2.2. cPAD Preparation

Compound A and HPMCAS-L were co-dissolved at 40 and 80 mg/mL, respectively, in THF. The antisolvent, n-heptane, was pre-cooled to −8 °C. While the heptane was recirculating through a Quadro HV0 rotor-stator mill operating at a rotor speed of 70 m/s, the THF stream was added via peristaltic pump at a 1 to 10 volumetric ratio of solvent to antisolvent.
Additional water-soluble excipients were added post precipitation, with these excipients being insoluble in the final THF/n-heptane solvent system. Lactose was added to the final suspension at a concentration of 5.4 mg/mL by charging micronized solids into the mother liquor suspension. Vitamin E TPGS was also added to the suspension to serve as a binder during the evaporative isolation process to the final suspension at a concentration of 1.8 mg/mL. This suspension was then evaporated in a RotoVap (Buchi, New Castle, DE, USA) with a bath temperature of 50 °C, ramping vacuum down to 20 mmHg as quickly as possible without bumping the batch into the distillate receiver. Post evaporative isolation, this approach yielded a hierarchical particle composed of core ASD particles at 33 wt% API, and final hierarchical particle at 20 wt% API. Once fully dried, the hierarchical particle is a dry powder which can recovered from the round-bottom flask.

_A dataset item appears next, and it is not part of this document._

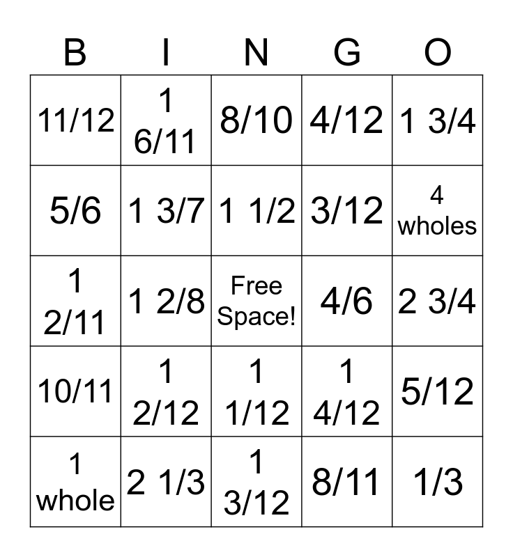 This bingo card has a free space and 29 words: 1 whole, 1 1/4, 1 2/8, 1 3/6, 11/12, 8/10, 1 3/7, 1 2/12, 4/6, 2 1/3, 2 3/4, 1/3, 1 3/12, 8/11, 4 wholes, 1 2/6, 1 1/12, 10/11, 1 3/4, 1 2/11, 1 4/12, 9/12, 3/12, 5/6, 4/12, 1 6/11, 5/12, 1 1/2 and 1/3.

2.3. Spray Drying of COMPOUND A with HPMCAS-L

A spray dried formulation with HPMCAS-L was generated as benchmark formulation. Compound A was dissolved in acetone at 20 mg/mL together with 40 mg/mL HPMCAS-L. The solution was spray dried in a lab scale spray dryer (ProCepT R&D Spray Dryer, Zele, Belgium) with 0.60 mm bifluid nozzle under the following conditions: Inlet air temperature 81 °C, and outlet air temperature 53 °C. The gas flow is 0.4 m3/min, and the atomization air rate 5.0 L/min. Solution flow rate is 5 mL/min, and the cyclone pressure is 30 mBar. The spray dried dispersion was secondary dried at 40 °C overnight under vacuum before further use. The material was confirmed to be single phase amorphous solid dispersion by powder x-ray diffraction (Figure S1a) and modulated differential scanning calorimetry (Figure S1b).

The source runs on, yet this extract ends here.